→ **WHAT TO DO**: Copy every record word for word. The images stay behind.

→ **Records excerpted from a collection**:
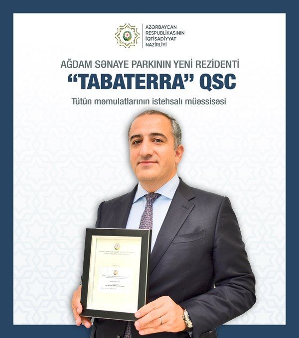 "Инвестиционная стоимость проекта ЗАО "Tabaterra" составляет 40,5 миллиона манатов. Компания создаст на территории промышленного парка предприятие по производству табачных изделий. Реализация проекта позволит создать рабочие места для 300 человек и будет способствовать росту экономической активности и занятости в Карабахе", - говорится в публикации министра.
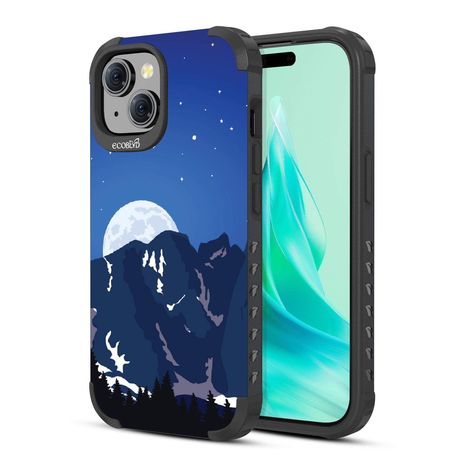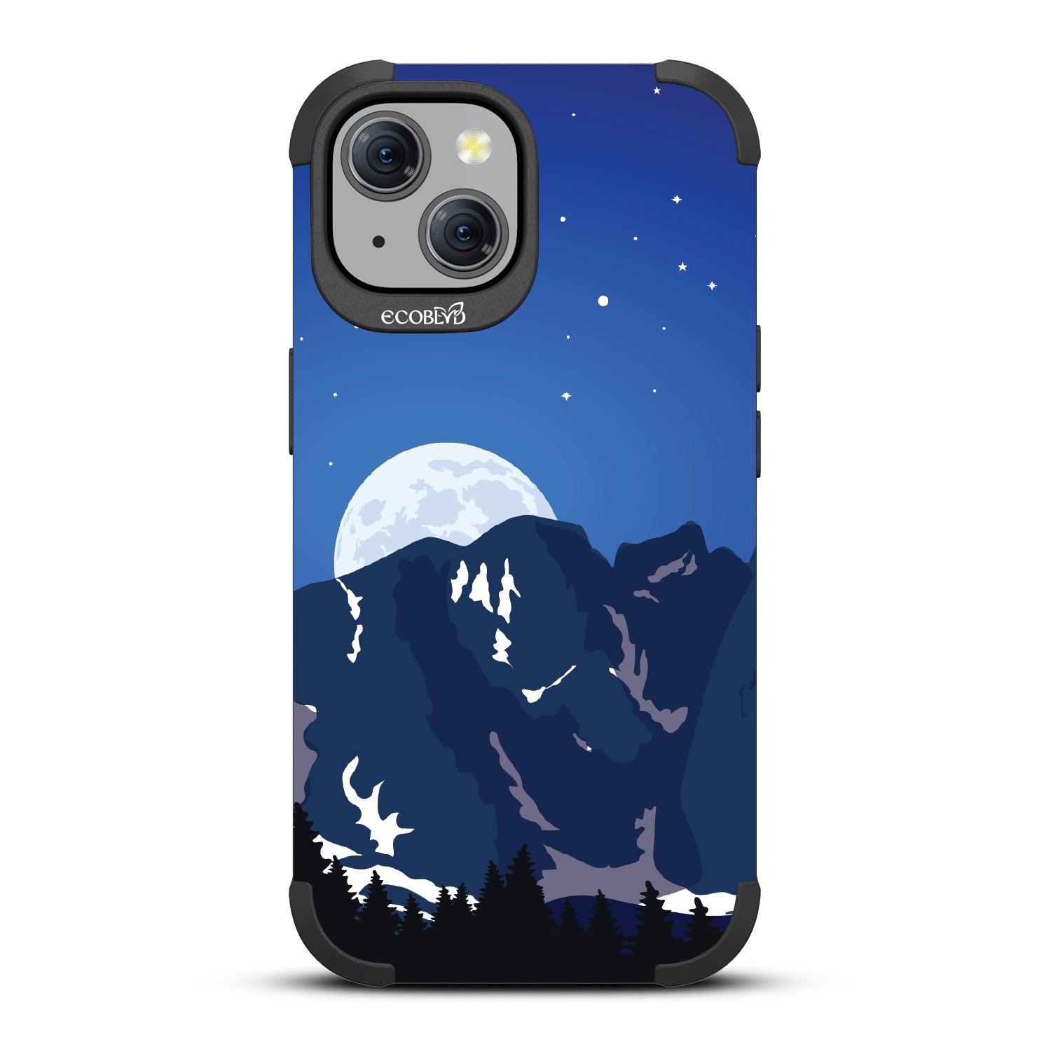 Bask in the ethereal glow of our Alpine Moon design on our Mojave rugged iPhone 15 MagSafe case, where the moon hangs like a luminous pearl against the velvet canvas of the night sky, casting its soft radiance upon the rugged terrain below.
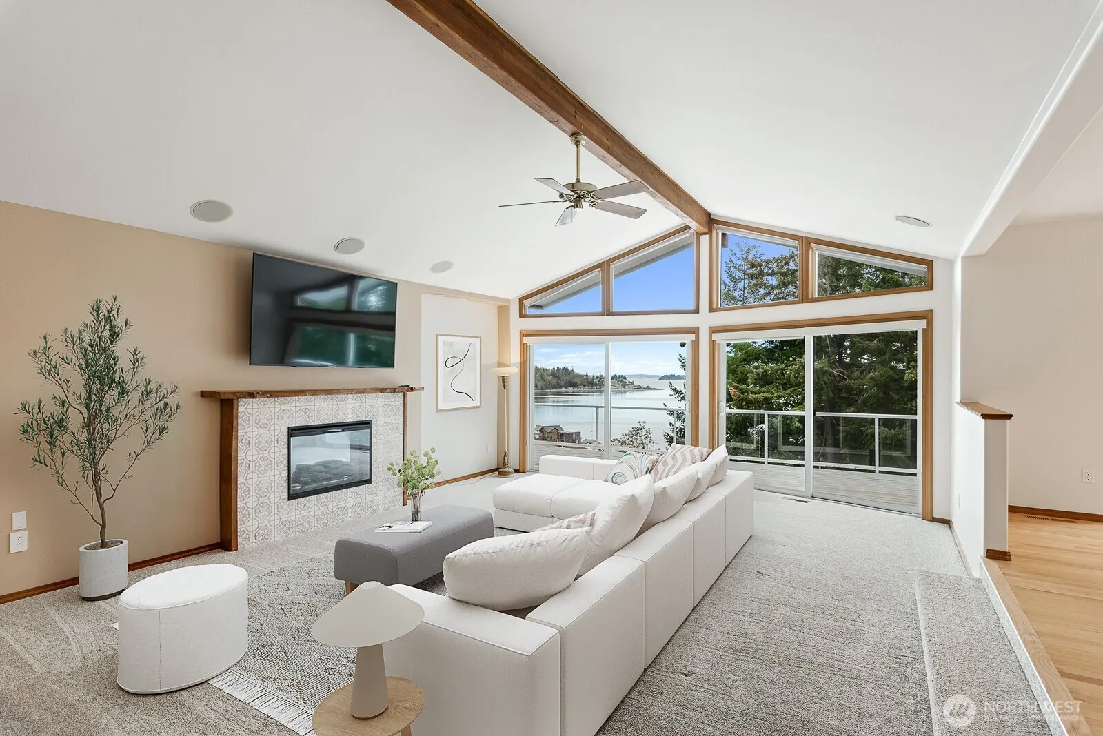 Nestled in a private, prime north-end location, this beautifully updated 3-bed + den, 3.5-bath home offers the perfect blend of comfort & style. Enjoy two spacious ensuites, an expansive open-concept great room, & a huge kitchen ideal for entertaining or everyday living. The layout is ideal for multi-generational living, featuring a separate lower-level living space that can function as a fully private retreat, perfect for extended guests, rental potential, or independent living. Recent upgrades shine throughout, including a brand-new roof (2026), a stunning kitchen, new carpet & countertops, and recently sealed hardwood floors. The exterior has been thoughtfully enhanced with hydro-seeded lawn and easy-maintenance artificial turf, creating a lush, low-maintenance outdoor space year-round. Central A/C, generator, & solar panels (56 panels @17.43KW)add energy efficiency with low PUD bills, while the generous .61-acre lot showcases sweeping views over Utsalady Bay & breathtaking sunsets that create a true retreat-like atmosphere. The garage is heated and air-conditioned. With thoughtful updates, designer touches, and nearby beach rights, this home offers peace, privacy, & proximity to all amenities on Camano Island. Don’t miss this rare opportunity to own a slice of paradise in a sought-after neighborhood!
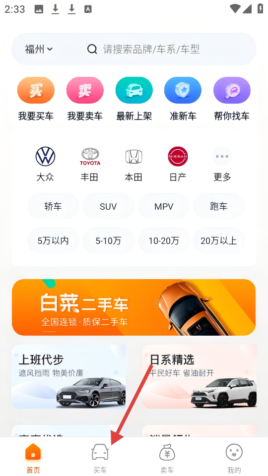 1、進入軟件,【首頁】點擊【買車】進入選車頁面。
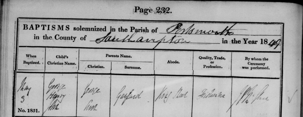 Here is George and Ann’s second child, George Henry John Gayleard’s baptism in 1849, also he was born in 1848.
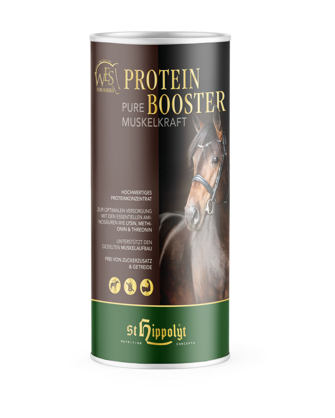 Der Protein Booster von WES ist dein Spezialist für gezielten Muskelaufbau und Muskelerhalt – egal ob bei leistungsstarken Sportpferden oder ambitionierten Freizeitpartnern. Denn eine kräftige, gut versorgte Muskulatur ist die Basis für Leistungsfähigkeit, Arbeitseifer und Rittigkeit.
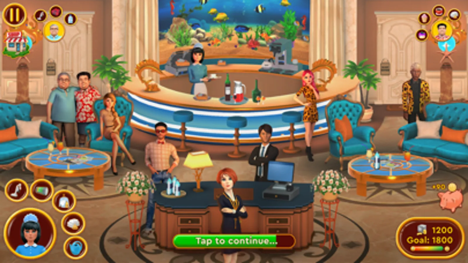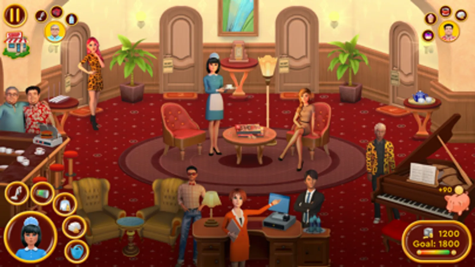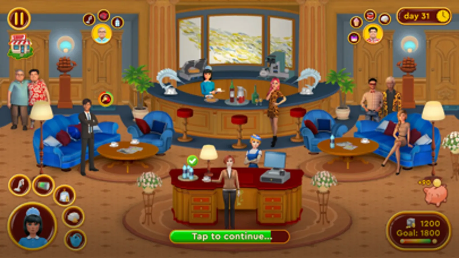 Three different hotels, each one is bigger and more challenging. Each hotel has a lot of upgrades which increase its popularity. When hotel popularity grows you can buy a Star-Up - that adds a new star to the hotel and totally upgrades its appearance. Upgrades increase popularity and more different guests will be attracted to your hotels.
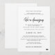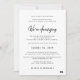 Nedskalad bröllopsannons modernt manus svart och vitt minimalt enkelt elegant bröllop ändring av planer uppdateringskort. ++++++++ Ersätt dina uppgifter i texten!
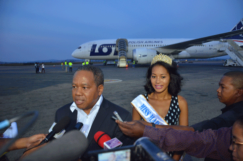Une grande nouvelle dans le secteur du tourisme ! Le plus grand des avions Boeing est arrivé hier à Ivato, avec des touristes Polonais. Durant leur séjour de 15 jours, ces derniers prévoient de visiter les attractions touristiques d’Antananarivo, suivant des circuits prédéfinis avec la société touristique polonaise Rainbow. Hier en fin d’après-midi, le ministre du Tourisme, Roland Ratsiraka, accompagné par miss Madagascar, Njara Windye Harris, est venu accueillir ce premier charter à Ivato. « Nous avons pu convaincre les opérateurs d’envoyer des touristes ici à Madagascar. Ce vol charter n’est qu’un début car d’autres viendront toutes les deux semaines, jusqu’au mois de mars 2017. Cette fois, ce sont des touristes plus âgés qui vont dépenser en moyenne près de 1000 Euros par tête. Ils ne visiteront qu’Antananarivo et les alentours. Mais d’autres touristes dans 15 jours et des plus jeunes lors des vacances de noël durant lesquelles, les circuits touristiques prévus passeront par les zones côtières. Nous avons également le Sommet de la Francophonie qui ramènera de nombreux touristes. Bref, le secteur se développe à merveille », a annoncé le ministre Roland Ratsiraka, hier à Ivato.
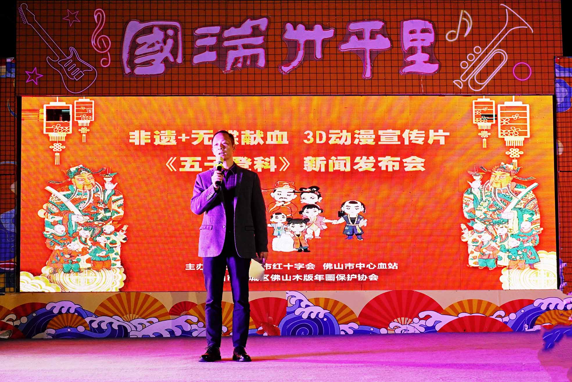 《老江有话说》栏目报道:冬至临近,为了让寒冷的天气增加一股暖流,润泽广大无偿献血者和用血者的心田。市红十字会、市中心血站携手佛山木板年画保护协会,开展生动有趣的形式宣传无偿献血,首次将无偿献血与木版年画中“五子登科”的元素融合,改编了传统民谣做成生动的动画MV,并创作一系列的动漫情节故事,拨新领异,吸引眼球,刷新无偿献血宣传新视野,并于12月3日晚上在禅城区国瑞升平里大舞台举行新闻发布会。
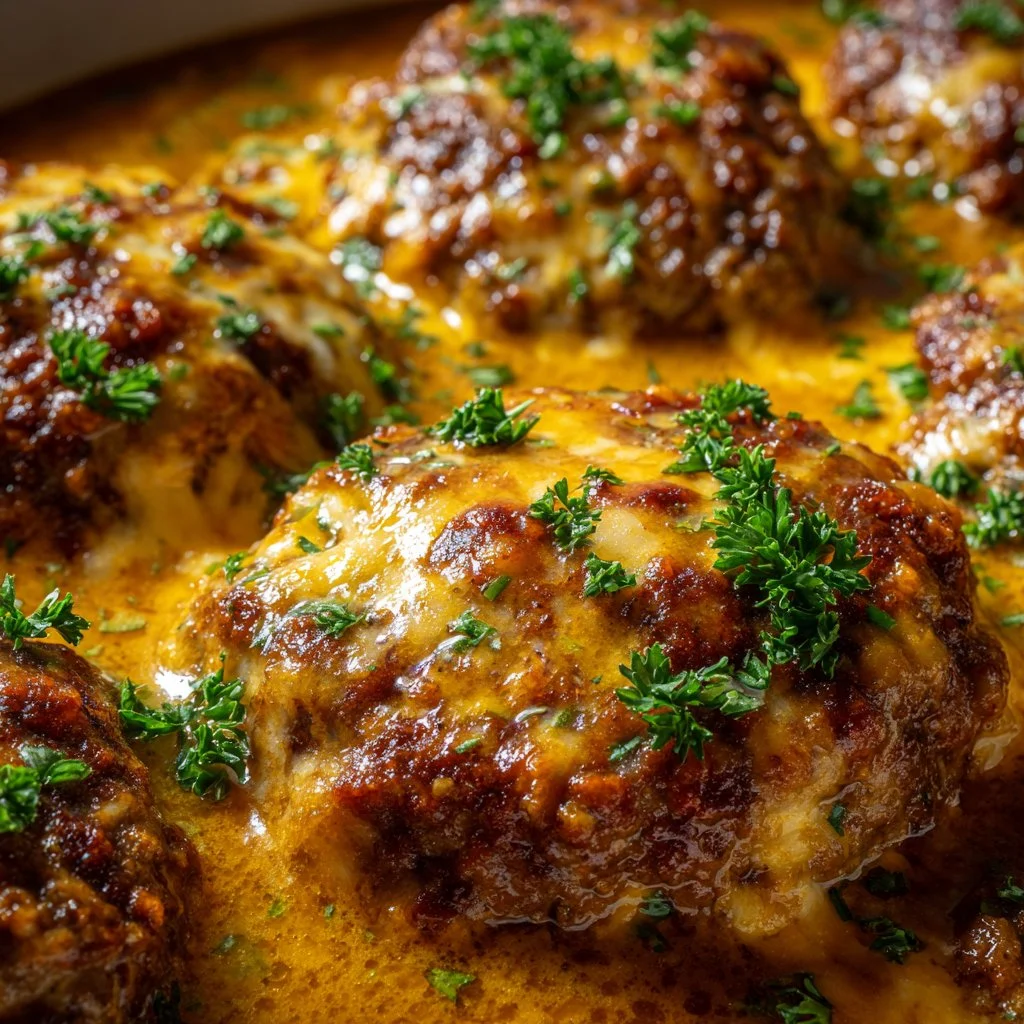 - Nestle the browned patties into the gravy, cover tightly, and bake in a preheated oven at 350°F (175°C) for 45 minutes. Uncover and bake for an additional 15 minutes.
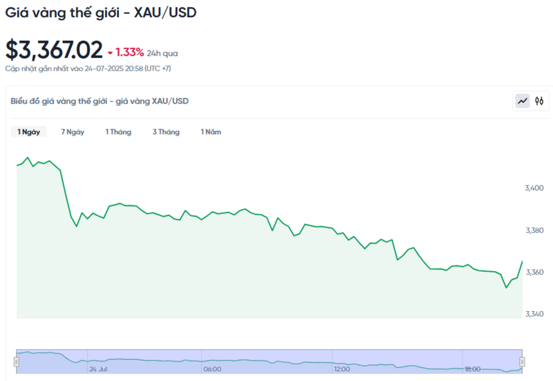 Giá vàng thế giới hôm nay 25/7/2025 và biểu đồ biến động giá vàng thế giới 24h qua

→ **YOUR RESPONSE**:
 "Инвестиционная стоимость проекта ЗАО "Tabaterra" составляет 40,5 миллиона манатов. Компания создаст на территории промышленного парка предприятие по производству табачных изделий. Реализация проекта позволит создать рабочие места для 300 человек и будет способствовать росту экономической активности и занятости в Карабахе", - говорится в публикации министра.
 Bask in the ethereal glow of our Alpine Moon design on our Mojave rugged iPhone 15 MagSafe case, where the moon hangs like a luminous pearl against the velvet canvas of the night sky, casting its soft radiance upon the rugged terrain below.
 Nestled in a private, prime north-end location, this beautifully updated 3-bed + den, 3.5-bath home offers the perfect blend of comfort & style. Enjoy two spacious ensuites, an expansive open-concept great room, & a huge kitchen ideal for entertaining or everyday living. The layout is ideal for multi-generational living, featuring a separate lower-level living space that can function as a fully private retreat, perfect for extended guests, rental potential, or independent living. Recent upgrades shine throughout, including a brand-new roof (2026), a stunning kitchen, new carpet & countertops, and recently sealed hardwood floors. The exterior has been thoughtfully enhanced with hydro-seeded lawn and easy-maintenance artificial turf, creating a lush, low-maintenance outdoor space year-round. Central A/C, generator, & solar panels (56 panels @17.43KW)add energy efficiency with low PUD bills, while the generous .61-acre lot showcases sweeping views over Utsalady Bay & breathtaking sunsets that create a true retreat-like atmosphere. The garage is heated and air-conditioned. With thoughtful updates, designer touches, and nearby beach rights, this home offers peace, privacy, & proximity to all amenities on Camano Island. Don’t miss this rare opportunity to own a slice of paradise in a sought-after neighborhood!
 1、進入軟件,【首頁】點擊【買車】進入選車頁面。
 Here is George and Ann’s second child, George Henry John Gayleard’s baptism in 1849, also he was born in 1848.
 Der Protein Booster von WES ist dein Spezialist für gezielten Muskelaufbau und Muskelerhalt – egal ob bei leistungsstarken Sportpferden oder ambitionierten Freizeitpartnern. Denn eine kräftige, gut versorgte Muskulatur ist die Basis für Leistungsfähigkeit, Arbeitseifer und Rittigkeit.
 Three different hotels, each one is bigger and more challenging. Each hotel has a lot of upgrades which increase its popularity. When hotel popularity grows you can buy a Star-Up - that adds a new star to the hotel and totally upgrades its appearance. Upgrades increase popularity and more different guests will be attracted to your hotels.
 Nedskalad bröllopsannons modernt manus svart och vitt minimalt enkelt elegant bröllop ändring av planer uppdateringskort. ++++++++ Ersätt dina uppgifter i texten!
Une grande nouvelle dans le secteur du tourisme ! Le plus grand des avions Boeing est arrivé hier à Ivato, avec des touristes Polonais. Durant leur séjour de 15 jours, ces derniers prévoient de visiter les attractions touristiques d’Antananarivo, suivant des circuits prédéfinis avec la société touristique polonaise Rainbow. Hier en fin d’après-midi, le ministre du Tourisme, Roland Ratsiraka, accompagné par miss Madagascar, Njara Windye Harris, est venu accueillir ce premier charter à Ivato. « Nous avons pu convaincre les opérateurs d’envoyer des touristes ici à Madagascar. Ce vol charter n’est qu’un début car d’autres viendront toutes les deux semaines, jusqu’au mois de mars 2017. Cette fois, ce sont des touristes plus âgés qui vont dépenser en moyenne près de 1000 Euros par tête. Ils ne visiteront qu’Antananarivo et les alentours. Mais d’autres touristes dans 15 jours et des plus jeunes lors des vacances de noël durant lesquelles, les circuits touristiques prévus passeront par les zones côtières. Nous avons également le Sommet de la Francophonie qui ramènera de nombreux touristes. Bref, le secteur se développe à merveille », a annoncé le ministre Roland Ratsiraka, hier à Ivato.
 《老江有话说》栏目报道:冬至临近,为了让寒冷的天气增加一股暖流,润泽广大无偿献血者和用血者的心田。市红十字会、市中心血站携手佛山木板年画保护协会,开展生动有趣的形式宣传无偿献血,首次将无偿献血与木版年画中“五子登科”的元素融合,改编了传统民谣做成生动的动画MV,并创作一系列的动漫情节故事,拨新领异,吸引眼球,刷新无偿献血宣传新视野,并于12月3日晚上在禅城区国瑞升平里大舞台举行新闻发布会。
 - Nestle the browned patties into the gravy, cover tightly, and bake in a preheated oven at 350°F (175°C) for 45 minutes. Uncover and bake for an additional 15 minutes.
 Giá vàng thế giới hôm nay 25/7/2025 và biểu đồ biến động giá vàng thế giới 24h qua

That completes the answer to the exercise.